* _WHAT IS BEING ASKED_:
All of the listing, from first line to last, should be output exactly; the pictures stay out.

* _GIVEN DATA_:
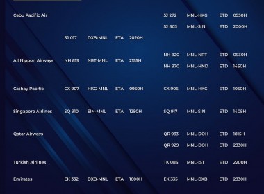 (Eagle News) — The Manila International Airport Authority has released its list of operational commercial flights for Saturday, March 20: MIAA advised passengers to secure confirmation of their flights as only those with the same will be allowed entry into the airport premises. The National Task Force Against COVID-19 has levelled travel restrictions anew, with foreigners, with exceptions, temporarily banned from entering the Philippines. The imposition of the restrictions were amid a surge in COVID-19 […]
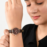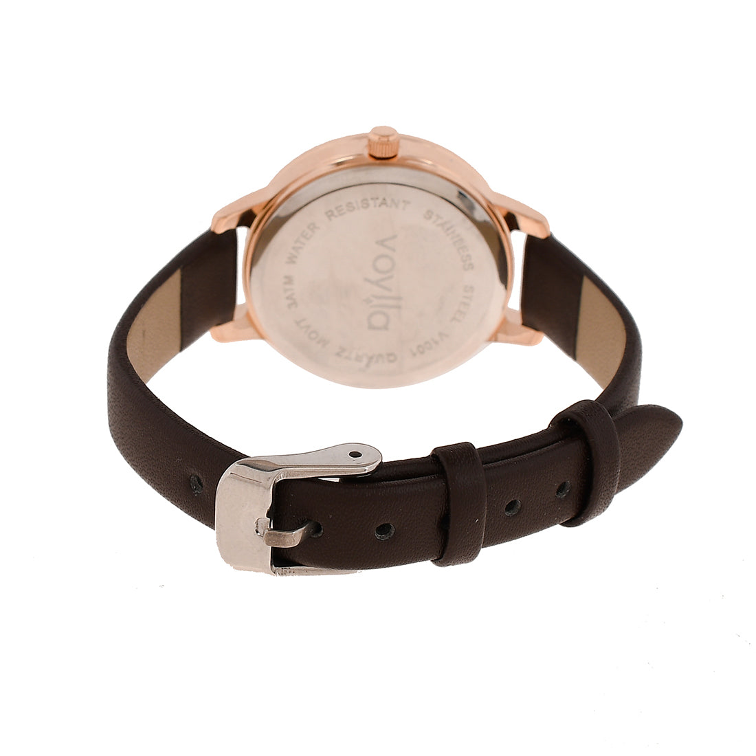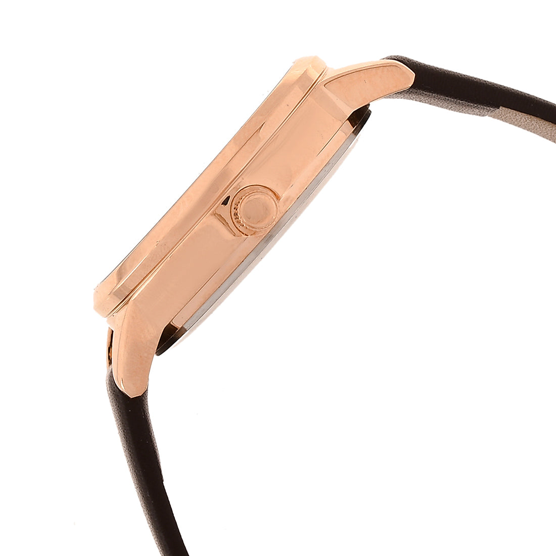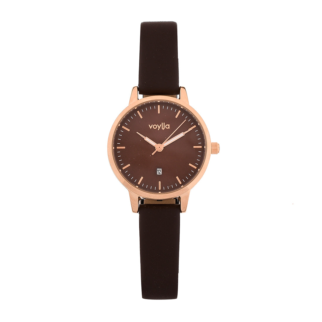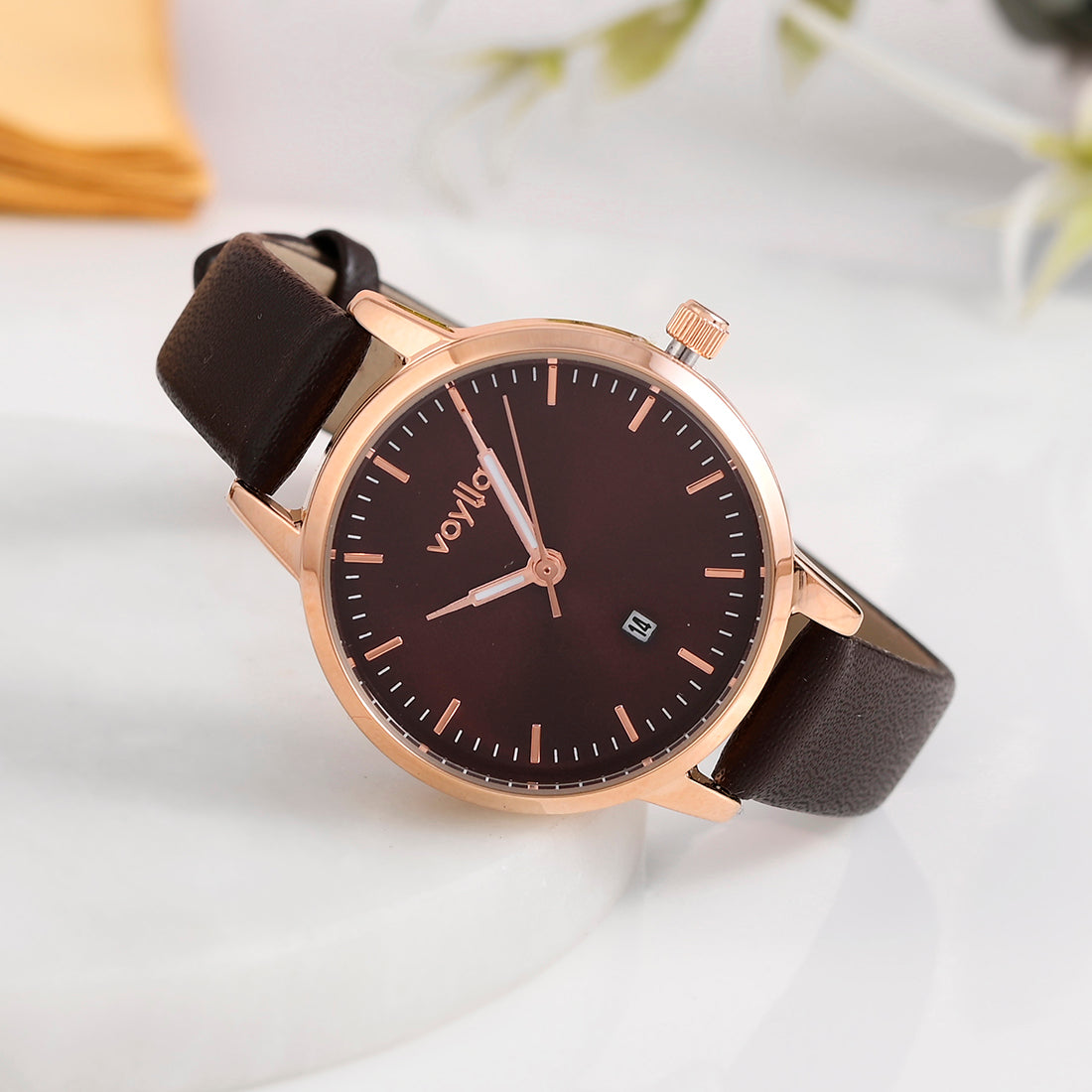 Rose gold plated watch with a brown dial and strap. Made from brass and a good match for formal workwear.
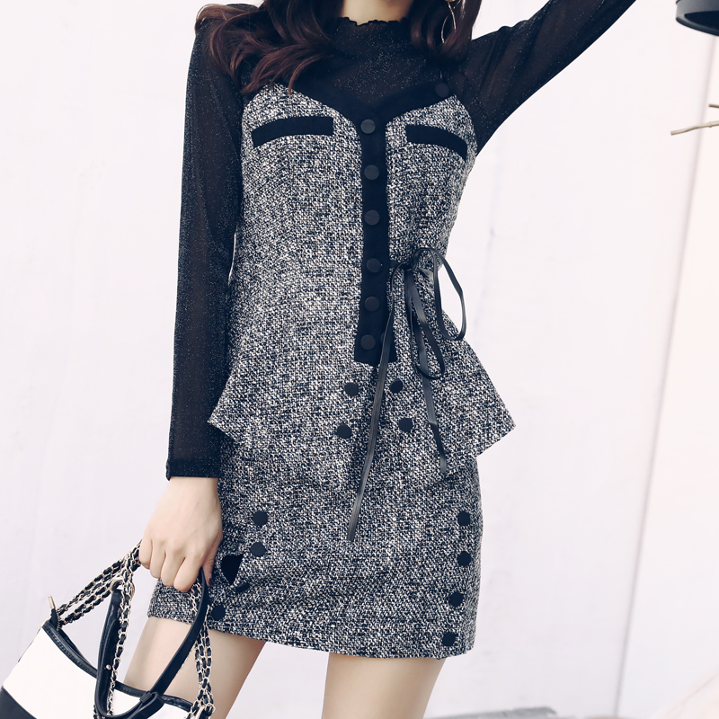 / 粗花毛呢吊帶毛衣半身包臀裙子三件套裝早秋冬打底套裙氣質名媛潮
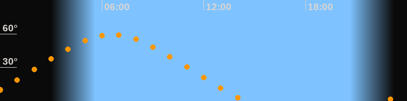 | Höchster Stand (Kulmination) | 06:36 Uhr (h = 59,4°) |
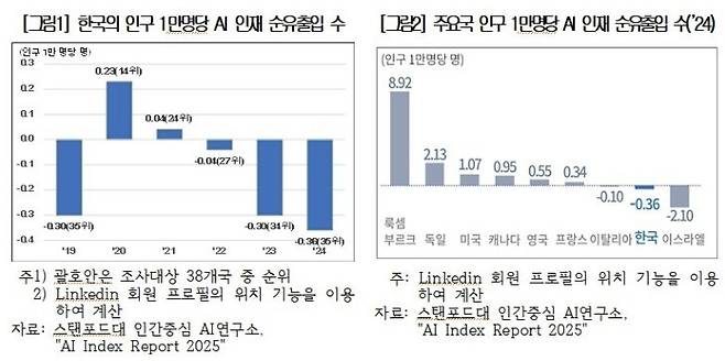 보고서에 따르면 지난해 기준 국내 인구 1만명당 인공지능(AI) 인재 순유출은 -0.36명으로, 경제협력개발기구(OECD) 38개국 중 35위를 기록했습니다.
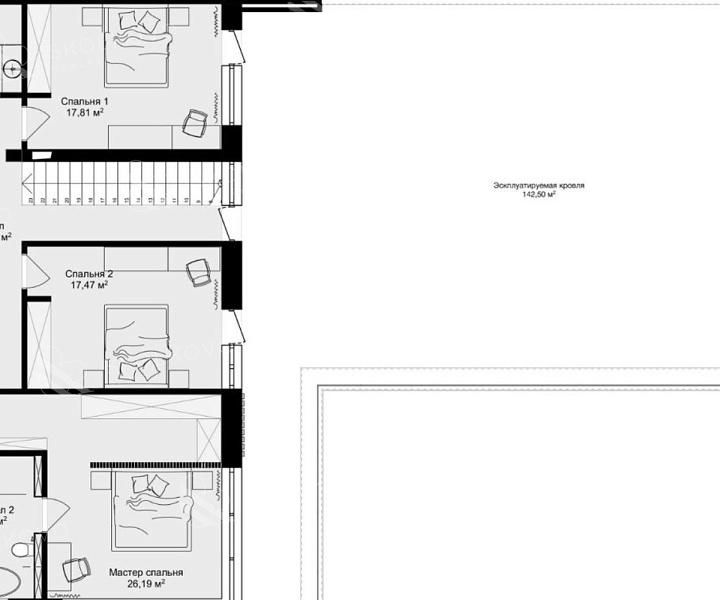 Две дополнительные спальни, каждая с выходом на просторную видовую террасу, откуда открывается захватывающий вид на окрестности.
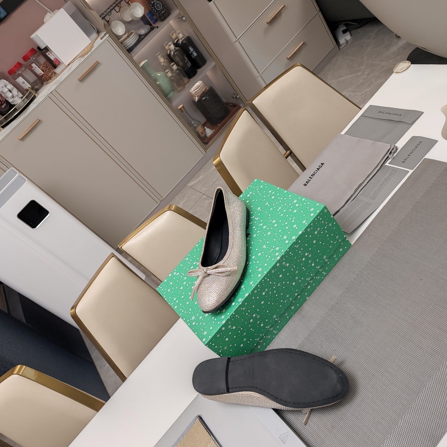 RHINESTONE BALLET FLATS WITH BOW IN BEIGE SHEEPSKIN
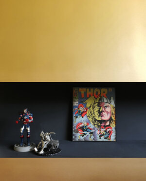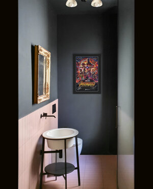 Emerge inoltre la forte identità del padrone di casa, impegnato attivamente all’interno delle produzioni cinematografiche hollywoodiane, da cui deriva la collezione di action figures, locandine e neon a richiamare il mondo Marvel.
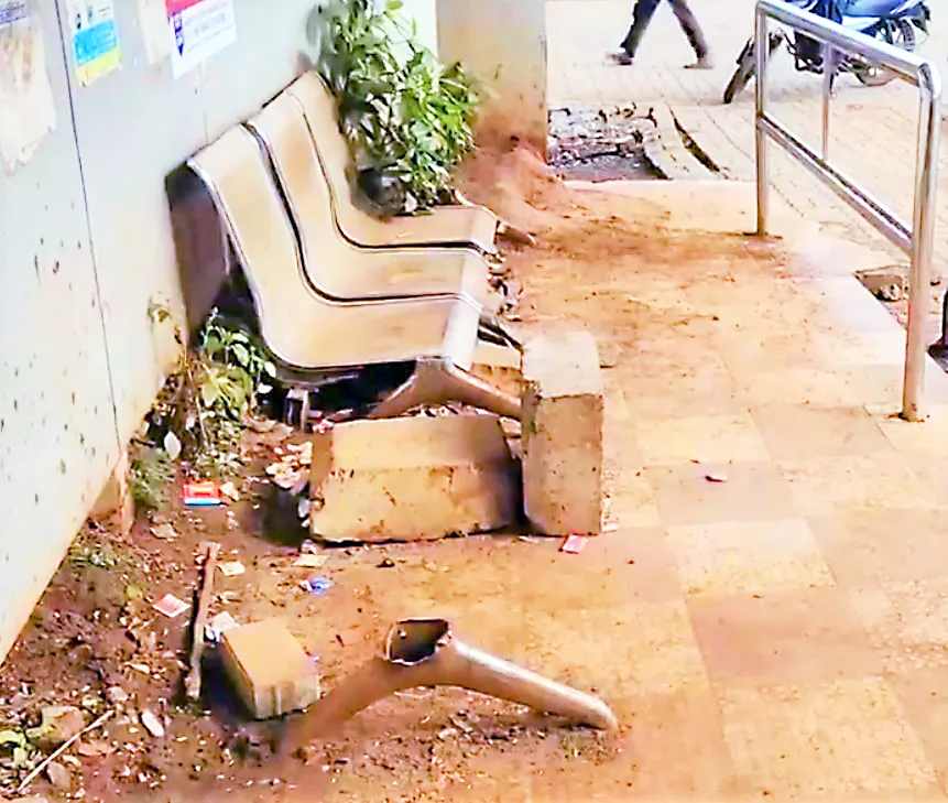जुना धारवाड रोड येथील जिजामाता चौकातील बसथांब्यातील आसनाची दुरवस्था झाली आहे. दगडांचा टेकू देऊन ठेवण्यात आलेल्या आसनावर प्रवाशांना बसावे लागत आहे. काही खुर्च्यांची मोडतोड करण्यात आली आहे. तसेच राणी चन्नम्मा चौकातील काही बसथांब्यांची दुरवस्था झाली असल्याने स्मार्ट शहरात अशा प्रकारचेही बसथांबे असल्याचे पाहून सखेद आश्चर्य व्यक्त करण्यात येत आहे.
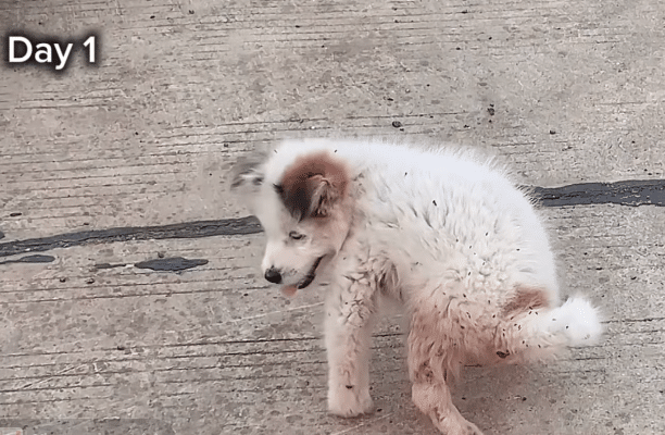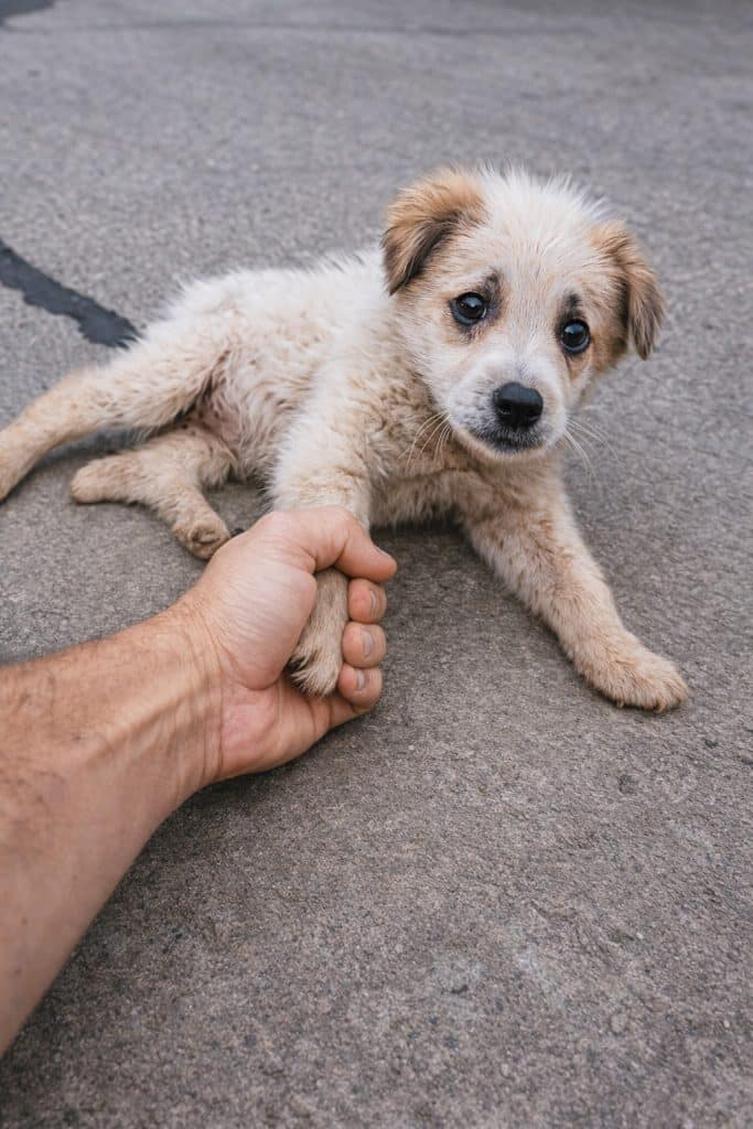 It began on a stretch of hot pavement, where a small puppy struggled to move forward.
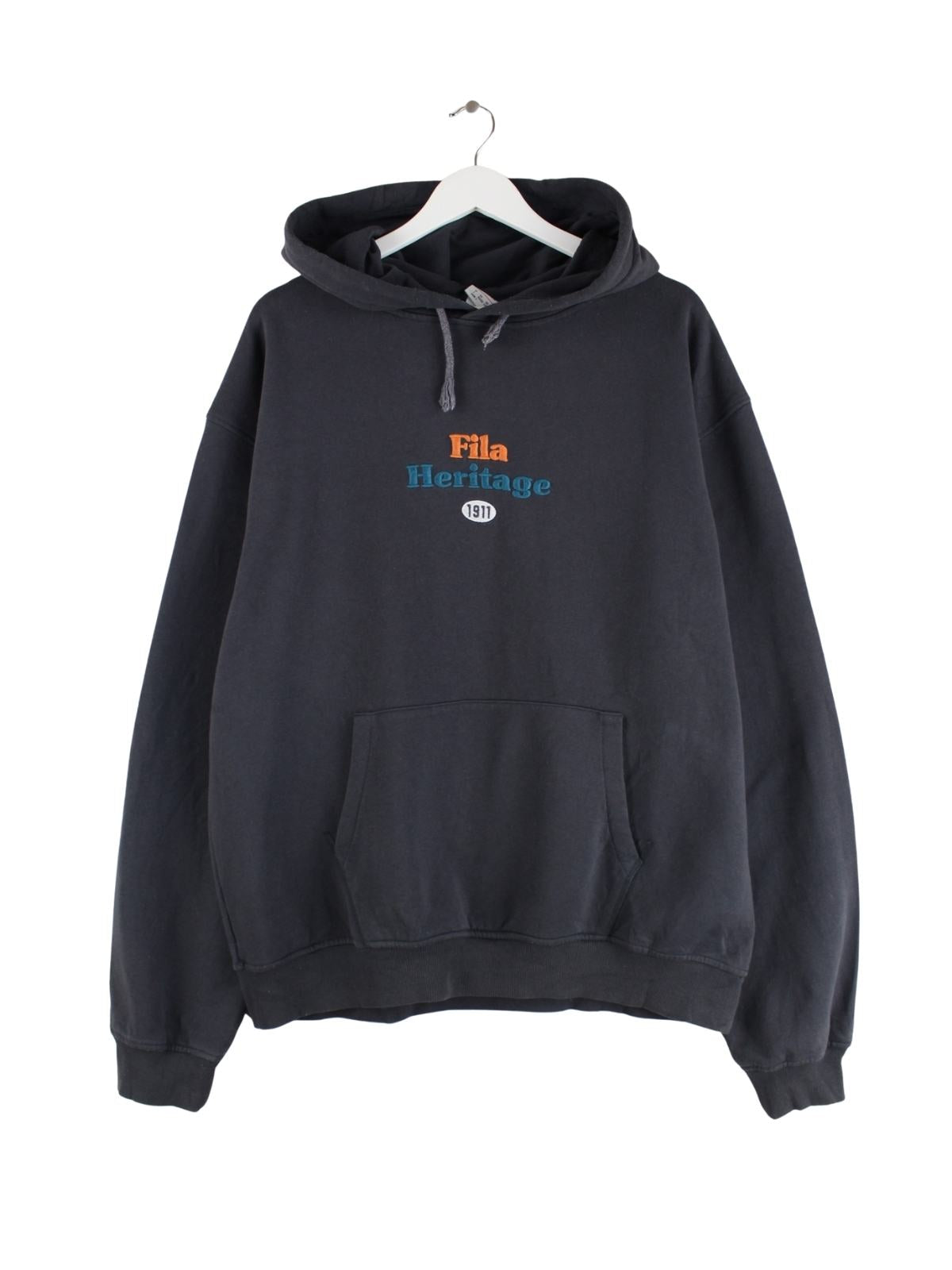 Grauer Hoodie aus dem Hause Fila in Größe XXL. Er ist aus einer Baumwollmischung hergestellt und in gutem Zustand vorrätig.

* _SOLVED EXERCISE_:
 (Eagle News) — The Manila International Airport Authority has released its list of operational commercial flights for Saturday, March 20: MIAA advised passengers to secure confirmation of their flights as only those with the same will be allowed entry into the airport premises. The National Task Force Against COVID-19 has levelled travel restrictions anew, with foreigners, with exceptions, temporarily banned from entering the Philippines. The imposition of the restrictions were amid a surge in COVID-19 […]
 Rose gold plated watch with a brown dial and strap. Made from brass and a good match for formal workwear.
 / 粗花毛呢吊帶毛衣半身包臀裙子三件套裝早秋冬打底套裙氣質名媛潮
 | Höchster Stand (Kulmination) | 06:36 Uhr (h = 59,4°) |
 보고서에 따르면 지난해 기준 국내 인구 1만명당 인공지능(AI) 인재 순유출은 -0.36명으로, 경제협력개발기구(OECD) 38개국 중 35위를 기록했습니다.
 Две дополнительные спальни, каждая с выходом на просторную видовую террасу, откуда открывается захватывающий вид на окрестности.
 RHINESTONE BALLET FLATS WITH BOW IN BEIGE SHEEPSKIN
 Emerge inoltre la forte identità del padrone di casa, impegnato attivamente all’interno delle produzioni cinematografiche hollywoodiane, da cui deriva la collezione di action figures, locandine e neon a richiamare il mondo Marvel.
जुना धारवाड रोड येथील जिजामाता चौकातील बसथांब्यातील आसनाची दुरवस्था झाली आहे. दगडांचा टेकू देऊन ठेवण्यात आलेल्या आसनावर प्रवाशांना बसावे लागत आहे. काही खुर्च्यांची मोडतोड करण्यात आली आहे. तसेच राणी चन्नम्मा चौकातील काही बसथांब्यांची दुरवस्था झाली असल्याने स्मार्ट शहरात अशा प्रकारचेही बसथांबे असल्याचे पाहून सखेद आश्चर्य व्यक्त करण्यात येत आहे.
 It began on a stretch of hot pavement, where a small puppy struggled to move forward.
 Grauer Hoodie aus dem Hause Fila in Größe XXL. Er ist aus einer Baumwollmischung hergestellt und in gutem Zustand vorrätig.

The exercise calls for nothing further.